Aux milieux des points de repères comme Lord Asriel, Farder Coram et Mme Coulter, les nouveaux personnages sont introduits sans peine. On aurait presque l’impression de déjà les connaître tant ils s’intégrent naturellement à ce monde fantastique. On découvre Malcolm, puis plus tard Alice. Puis on rencontre quelques nonnes déterminées, quelques agents peu sympathiques du CDC et les espions prudents d’Oakley Street. Toute une foule d’acteurs essentiels dans le voyage qui mènera Lyra jusqu’au Jordan College.
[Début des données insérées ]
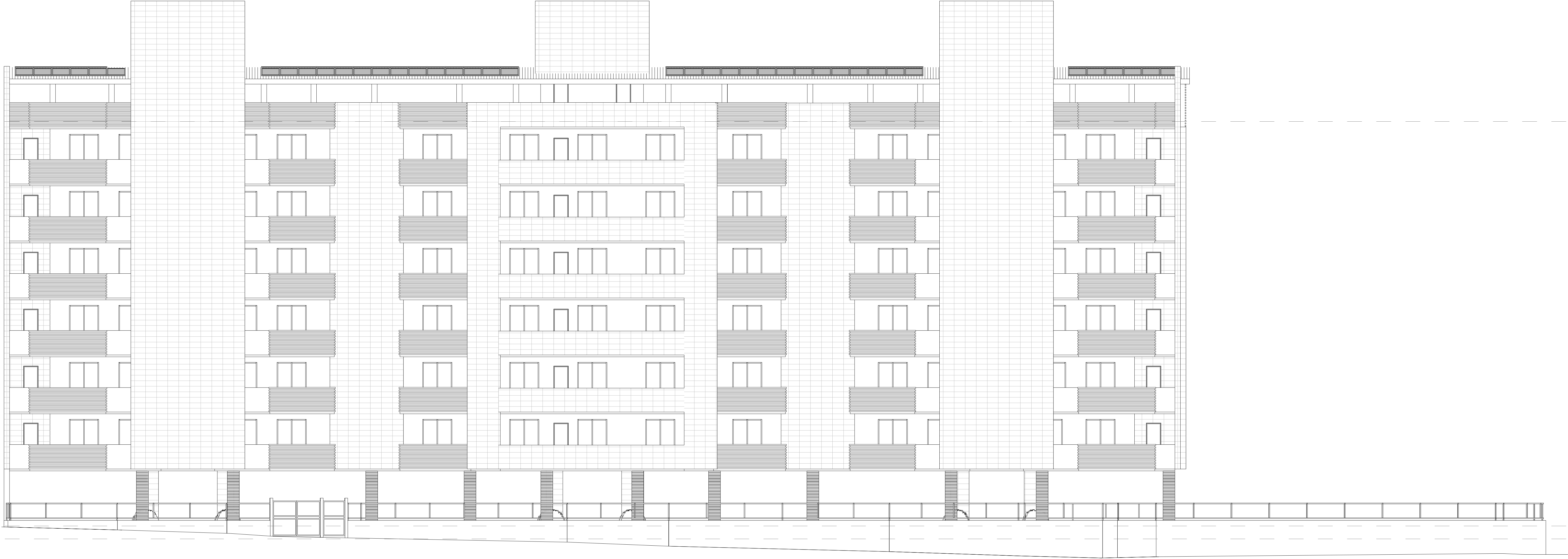
PROSPETTO LATERALE DESTRO

Comme dans les précédents romans, Pullman plante le décor autour d’un Londres un peu steampunk, sous le joug du Magisterium, une théocratie obscurantiste qui étant son pouvoir sur l’Europe occidentale. Si la première trilogie nous parlait plutôt de la religion catholique (allez la lire vraiment !), on découvre dans ce roman-ci une direction plus folklorique avec des dieux et créatures plus païennes. Pullman dans cet univers nous livre une vision critique de la religion sans la dénigrer pour autant. Il nous en livre sa propre interprétation, les bienfaits de la foi et les dangers de l’endoctrinement.

En bref ?

J’ajouterai simplement que ce roman, comme les romans précédents, est un véritable parcours initiatique dans lequel le héros découvre le monde d’un autre œil. Il passe (un peu trop tôt) de l’enfance à l’âge adulte en traversant maintes péripéties, le tout prédit par une prophétie obscure. Les dynamiques entre le bien et le mal, le questionnement de Malcolm sur le « bon » camp à choisir, sa détermination et sa bonté. Tout est très finement rendu par l’écriture fluide et vraie de Philip Pullman. Il n’a aucun mal à nous transporter, à tel point que par moment, pendant la lecture, on jurerait apercevoir son propre dæmon dans un coin de notre champ de vision.

Du coup, je le lis?

Que vous ayez lu ou non la première trilogie, vous pouvez foncez. Si vous aimez le fantastique doux et poétique. Si vous aimez prendre du recul sur vos principes et ce que vous croyez savoir de vous-même. Et si vous voulez suivre cette véritable épopée depuis son origine, n’hésitez pas. Je vous conseille en revanche lire la première trilogie avant de lire le second tome de « La Trilogie de la Poussière » qui est sorti ce mois-ci en VO. Vous avez un peu plus de temps car la sortie en français de « The Secret Commonwealth » n’est pas encore annoncée.

Un dernier conseil ?

Je ne vous donne pas vraiment de conseil cette fois mais je vous annonce que la BBC (chaîne de télévision anglaise très réputée) va diffuser dès le 3 novembre la série His Dark Material : À la croisée des mondes, adaptation très attendue de la première trilogie de Philip Pullman. HBO diffusera le premier épisode dès le lendemain et OCS ensuite. Ce sera l’occasion de (re)découvrir les aventures de Lyra avec un casting en or et une réalisation qui s’annonce toute aussi brillante.